* [ASSIGNMENT]:
Take the records below and set down exactly the lines from the one with "This mid-length zippered" to the one with "Get into character", ends included; do not copy the pictures.
──────── MATERIALS PROVIDED
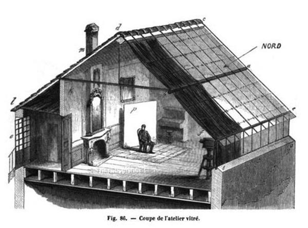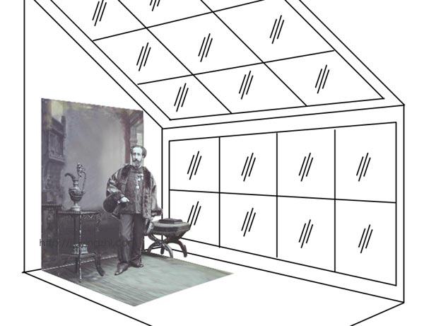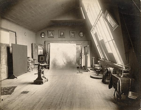 在电灯没有普及之前,照相馆都只能依靠自然光拍照,所以十九世纪的照相馆大都设在二楼,朝南一侧不仅有高大的落地窗,还会开天窗。这两面的窗户会有窗帘,针对被摄对象身体的具体部位还有小的遮光板(前阵子跟某剧组混了几天,行话似乎管这个叫“拍子”),为了避免摄影师和照相机也留下影子,场景布置往往是和光线方向不完全垂直的,完全遮光的黑窗帘会拉到摄影师身后的位置等等。要布置完美的光区且得费一番功夫,从这些小细节也能看出照相馆的水平。
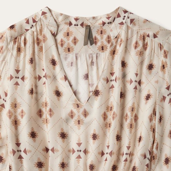 This mid-length zippered dress is woven from 100% rayon herringbone and features an allover, Western-inspired Gaucho Border print. It has 3/4 sleeves with elastic cuffs, a stand collar with a V-neckline, a straight back yoke with gathers below, an elastic waist and side seam pockets.
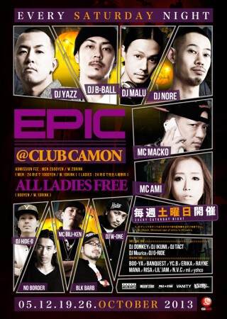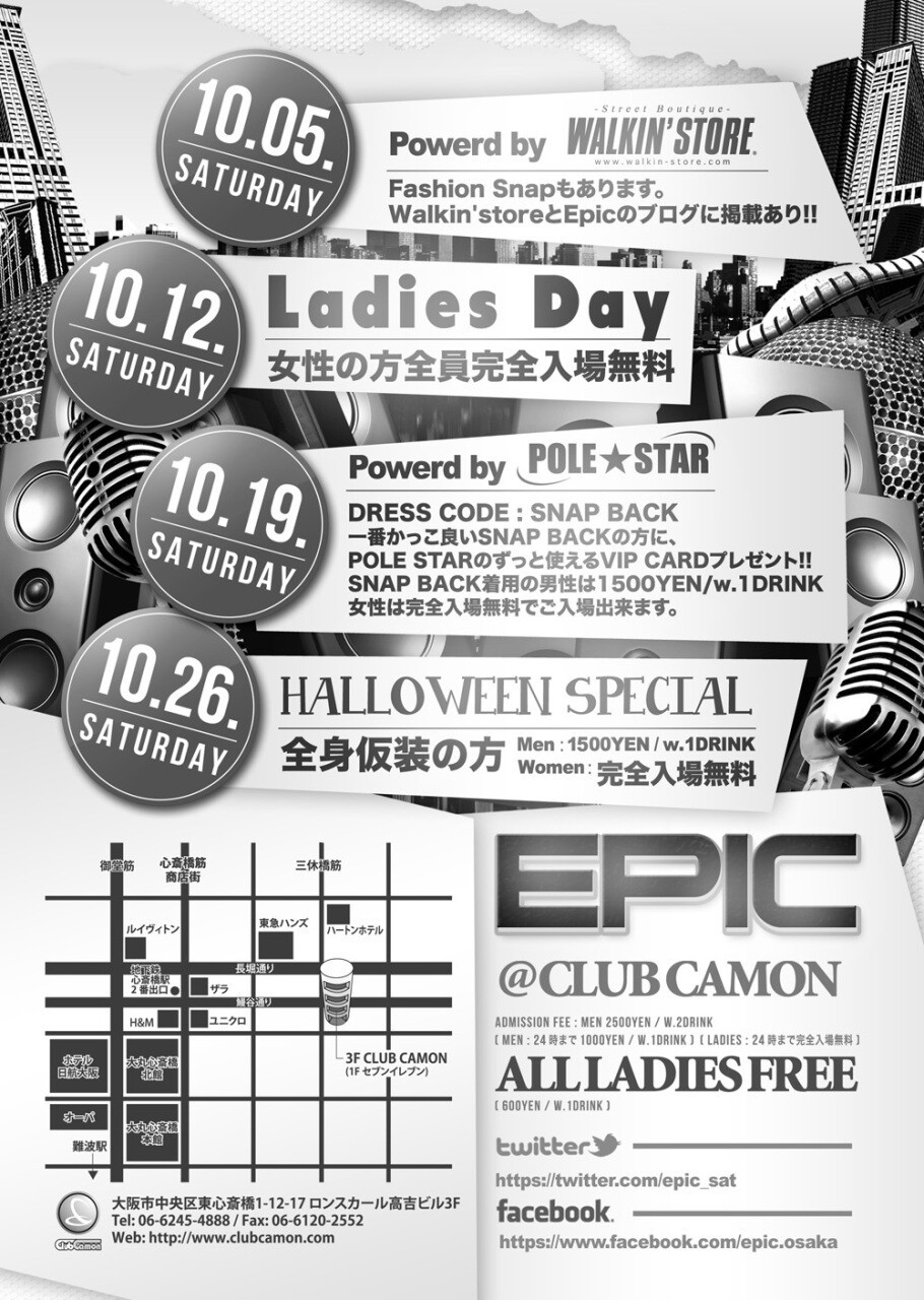 【毎週土曜エピック】10/26(土)☆今夜はハロウィンSP!!全身仮装の方はハロウィン特典あり!!!!土曜カモンは毎週満員御礼の鉄板ビッグパーティー『EPIC』★★関西を代表する豪華DJ陣が毎週ローテーションで登場☆ジャンルはHIP HOP, R&B, REGGAE, EDM, TOP40など幅広い選曲でお届け☆土曜でも女性は終日入場無料なので安心してお洒落して遊びに来て下さい★★
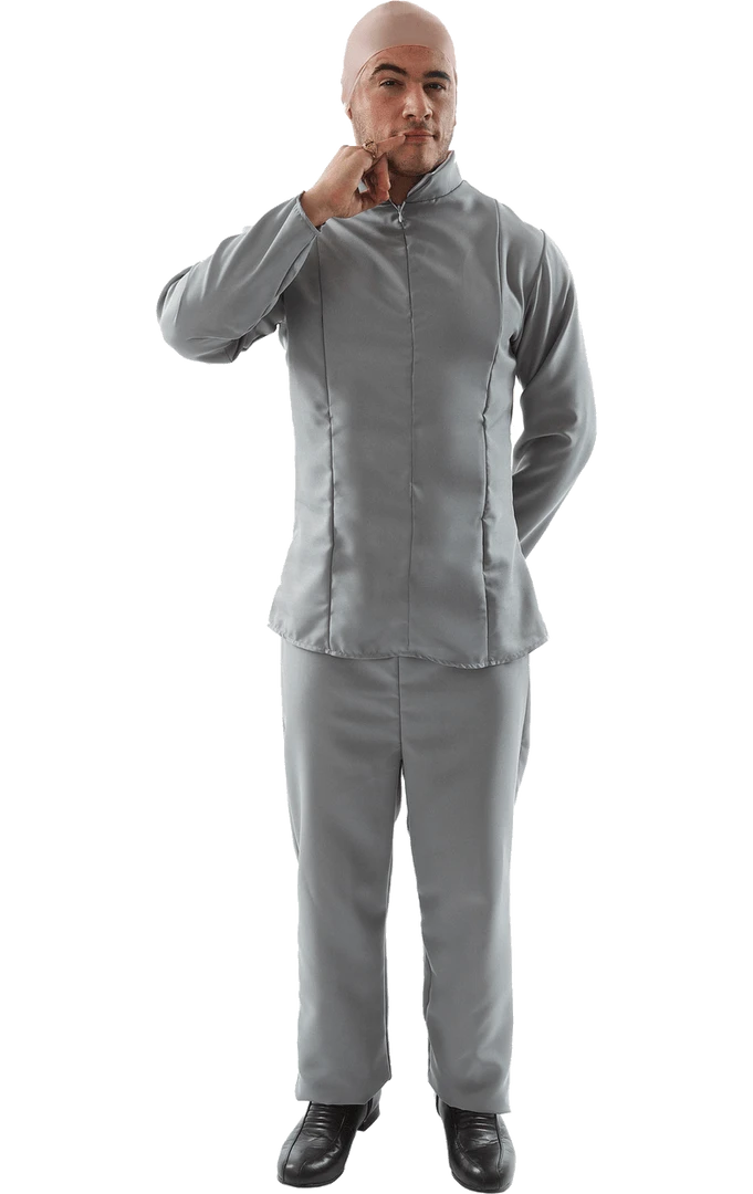 Get into character with the Adult Mr Evil Costume! This costume comes with grey trousers and a matching grey jacket.
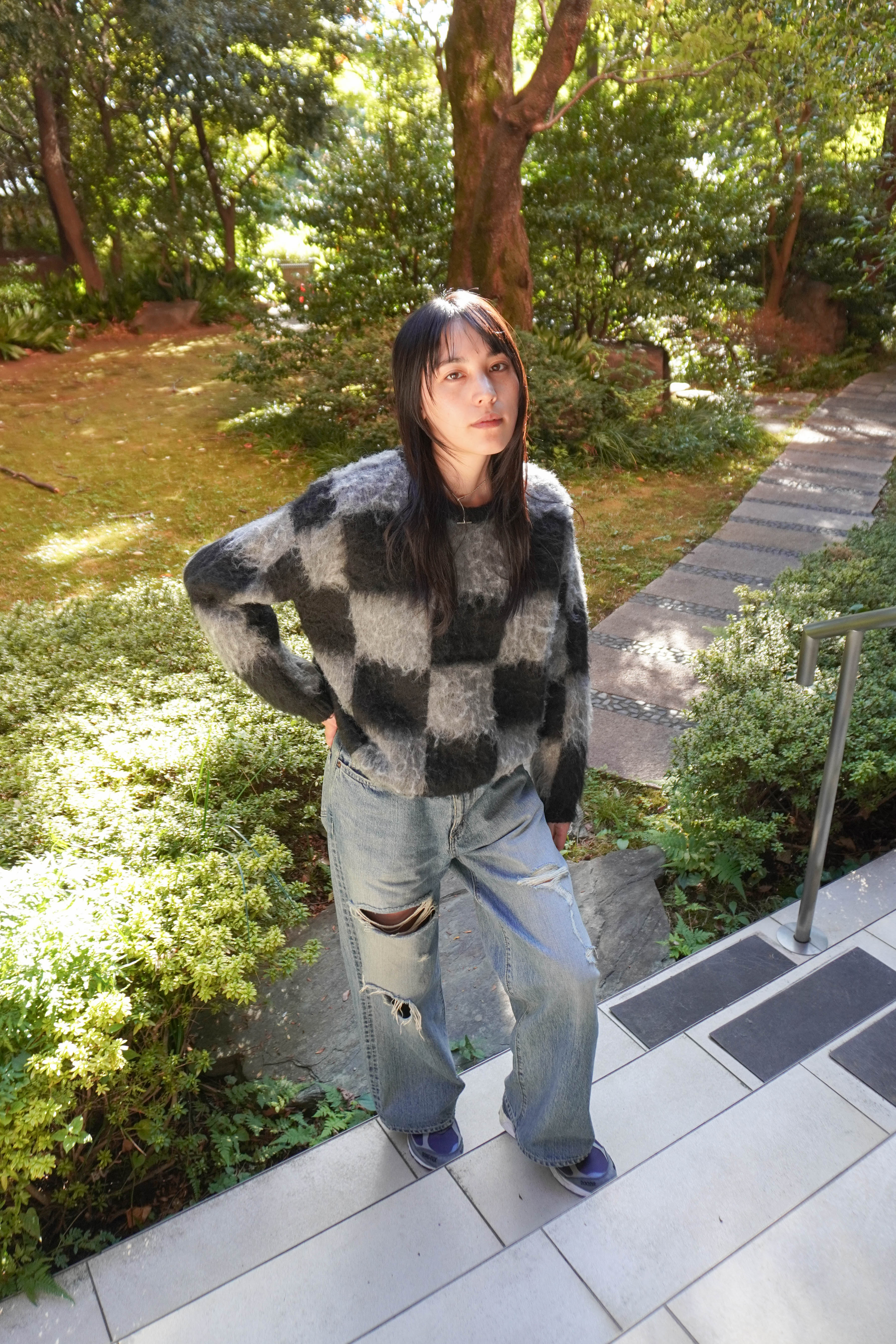 肉厚なシャギーニットにはダメージデニムを合わせて遊びのあるコーディネートに。
────────────────
* [TASK OUTPUT]:
 This mid-length zippered dress is woven from 100% rayon herringbone and features an allover, Western-inspired Gaucho Border print. It has 3/4 sleeves with elastic cuffs, a stand collar with a V-neckline, a straight back yoke with gathers below, an elastic waist and side seam pockets.
 【毎週土曜エピック】10/26(土)☆今夜はハロウィンSP!!全身仮装の方はハロウィン特典あり!!!!土曜カモンは毎週満員御礼の鉄板ビッグパーティー『EPIC』★★関西を代表する豪華DJ陣が毎週ローテーションで登場☆ジャンルはHIP HOP, R&B, REGGAE, EDM, TOP40など幅広い選曲でお届け☆土曜でも女性は終日入場無料なので安心してお洒落して遊びに来て下さい★★
 Get into character with the Adult Mr Evil Costume! This costume comes with grey trousers and a matching grey jacket.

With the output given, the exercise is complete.